Давиде произнес все это твердым голосом и почти по слогам, как будто читая надпись на стене. Но тут вмешался его Супер-Эго и заставил Давиде выразить эту мысль другими словами, чтобы все поняли: «Смешон тот, кто говорит другому: палач, а потом, когда наступает его очередь, с удовольствием берет в руки топор: вот что я хотел сказать!» На Давиде навалилась такая усталость, что он с трудом шевелил губами.
Слова его не нашли, однако, видимого отклика у слушателей. «Я плохой оратор, — сказал Давиде сам себе. — Толпе надо говорить о партиях, о знаменах… Им надоело меня слушать.

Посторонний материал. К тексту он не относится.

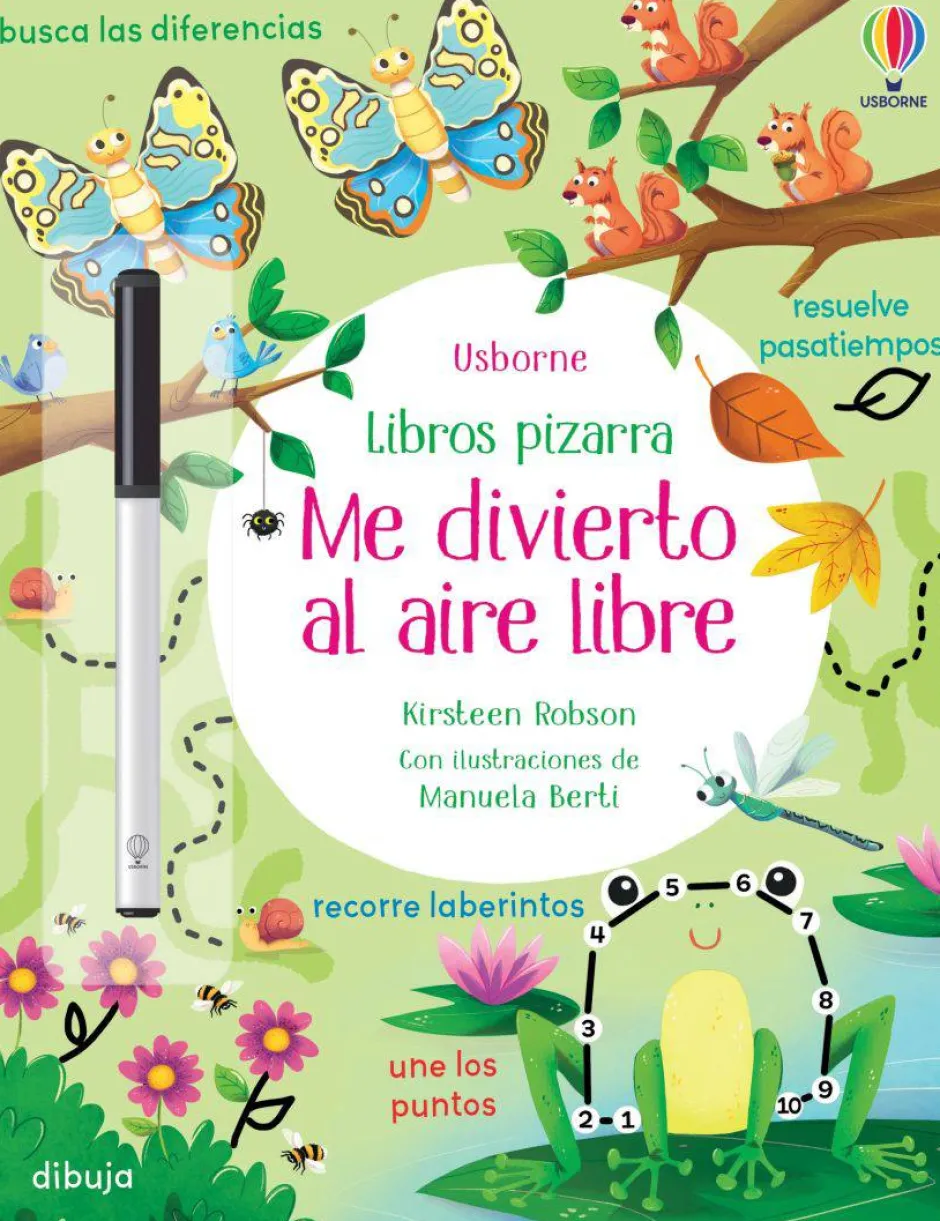 Un libro pizarra con actividades inspiradas en la naturaleza como laberintos, unir con puntos, encontrar las diferencias o trazar los números con el rotulador de tinta borrable incorporado.

Надо бы научиться говорить с ними… развлекать их…» Тут ему на ум пришла блестящая мысль, и он тихонько рассмеялся. «Не помню, в какой книге, — сказал Давиде, — я прочел анекдот: один писатель приходит в сумасшедший дом. К нему приближается больной и шепчет на ухо, указывая на другого больного: „Остерегайся вот этого, он — сумасшедший, думает, что он — пуговица. Но если бы это было действительно так, я бы первый узнал об этом, ведь я — петля!“»

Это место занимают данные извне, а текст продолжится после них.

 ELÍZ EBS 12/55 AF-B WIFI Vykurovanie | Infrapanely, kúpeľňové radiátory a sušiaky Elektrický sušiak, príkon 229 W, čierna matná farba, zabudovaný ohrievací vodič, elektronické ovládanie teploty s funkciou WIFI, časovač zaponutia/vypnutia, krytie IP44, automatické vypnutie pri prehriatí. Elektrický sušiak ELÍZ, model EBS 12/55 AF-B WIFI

Но и анекдот не вызвал желаемого эффекта, тем более что далеко не все его расслышали. Только Узеппе громко рассмеялся. По правде сказать, он был там единственным внимательным слушателем Давиде, хоть и не понимал из его речей почти ничего. Может быть, именно поэтому они казались ему захватывающими и таинственными.

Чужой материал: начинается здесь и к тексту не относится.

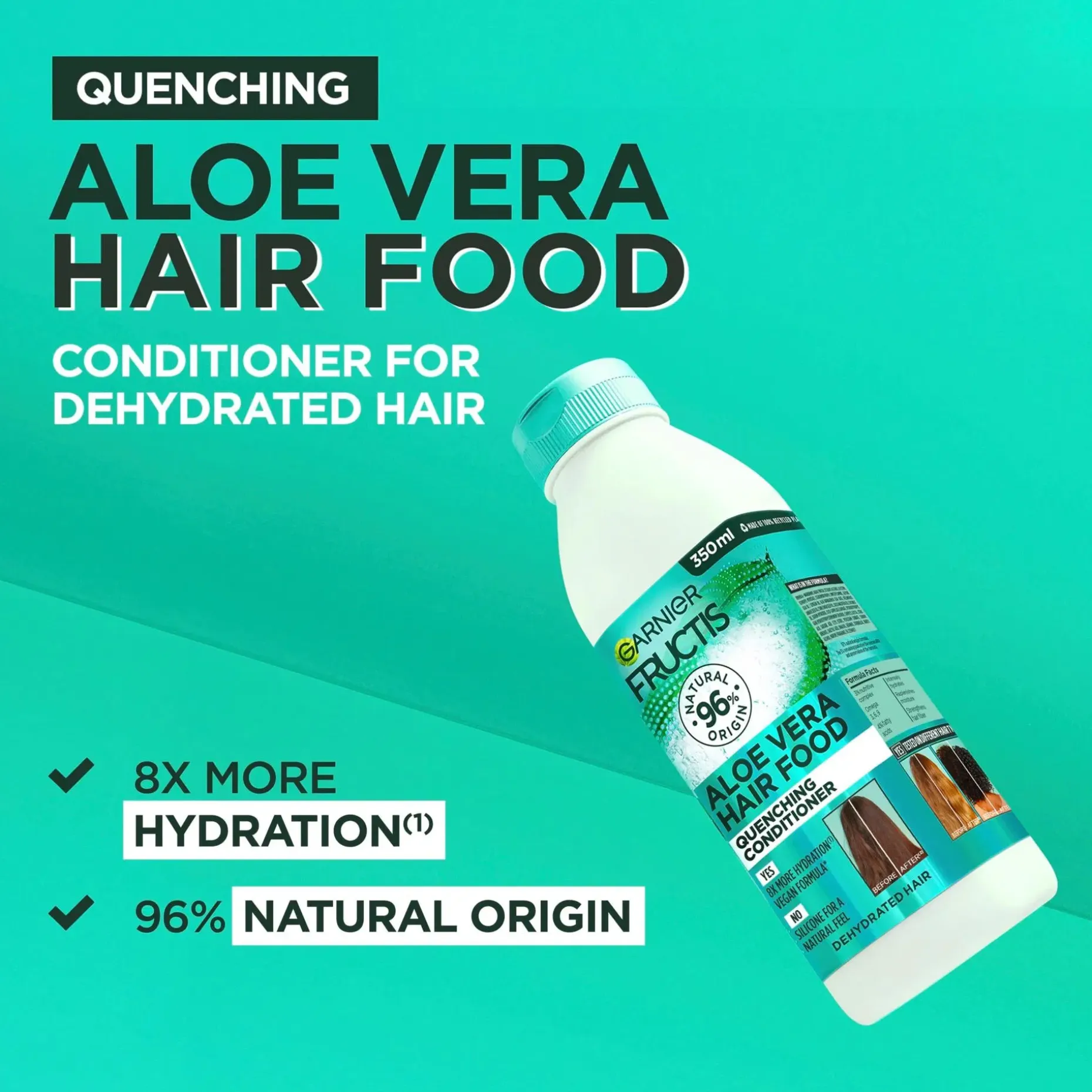 Garnier Fructis Hair Food Aloe Vera Quenching -hoitoaine kosteuttaa ja vahvistaa hiuksia ja jättää hiukset 8X kosteutetuimmiksi*. Vegaaninen koostumus** ei sisällä silikonia luonnollisen tunteen aikaansaamiseksi ja se sisältää omega 3,6, ja 9 sekä 4% rasvahappoja. • 8x kosteutetummat hiukset* • Intensiivisesti kosteuttava • Vahvistaa hiuksia • Vegaaninen koostumus** • 97% luonnollista alkuperää oleva koostumus on 98% biohajoava*** • Garnier on virallisesti hyväksytty Cruelty Free International Leaping Bunny -ohjelmaan. • Kierrätettävä pullo on valmistettu 100% kierrätetystä muovista****. *Mittaustulos käytettäessä shampoota + hoitoainetta ** Ei sisällä eläinperäisiä ainesosia ***OECD 301 tai vastaavien testien mukaisesti ****Lukuun ottamatta korkkia ja väri- ja lisäaineita

С самого начала Узеппе ощущал в поведении друга что-то тревожное, хуже чем печаль или болезнь. Ему хотелось сказать Давиде: «Уйдем отсюда», но он не осмеливался. Тем временем в остерию вошел еще один знакомый Узеппе — уличный газетчик, друг семьи Маррокко, которого малыш сразу узнал, хоть тот и изменился. Раньше он всегда относился к Узеппе сердечно, но теперь на радостное приветствие малыша ответил издали, лишь слегка махнув рукой. Несколько месяцев тому назад он перенес инсульт, был частично парализован, долго лежал в больнице. Он опирался на палку, на его подавленном одутловатом лице был написан страх смерти. Он больше не продавал газеты и не мог пить вино. После больницы он поселился у одной родственницы, в маленькой шумной квартире на втором этаже, где жило много его маленьких племянников, и теперь он недолюбливал всех детей. Впрочем, он, возможно, даже и не узнал Узеппе, машущего ему рукой из противоположного угла остерии, а что касается Давиде, то после единственной встречи в доме Маррокко он его больше никогда не видел. Во всяком случае, они с Давиде не поздоровались, да Давиде было и не до приветствий: он весь был во власти того, о чем говорил.
Время от времени он обводил глазами сидящих вокруг стола, задерживаясь то на одном, то на другом лице, как будто умоляя ответить, но единственным его собеседником, если можно так сказать, был Клементе Черная Рука. С некоторых пор он все время искоса поглядывал на Давиде с выражением ненависти, тоски и сарказма на лице. Казалось, он заранее считал пустой, ненужной болтовней все то, что Давиде мог сказать.
Рассказывая анекдот, Давиде снова попытался встать, но тут же упал на стул, подкошенный усталостью, почти теряя сознание, но в то же время движимый беспокойным желанием говорить, как при мучительной бессоннице. Голос у него звучал все тише и глуше, но ему казалось, что он кричит, как на митинге. Крик этот мешал ему сосредоточиться, он с трудом распутывал клубок мыслей, которые, казалось, кровоточили, как оголенный нерв. Давиде пробормотал: «Я — убийца. На войне можно убивать, не задумываясь, как охотник на охоте. Но я каждый раз вел себя именно как убийца. Однажды я застрелил немца, мерзкого, отвратительного типа! Он агонизировал, а я приканчивал его пинками, стараясь попасть сапожищами в лицо. Пиная, я думал: „Я стал таким же, как он: один эсэсовец приканчивает другого эсэсовца“… Но пинать не перестал».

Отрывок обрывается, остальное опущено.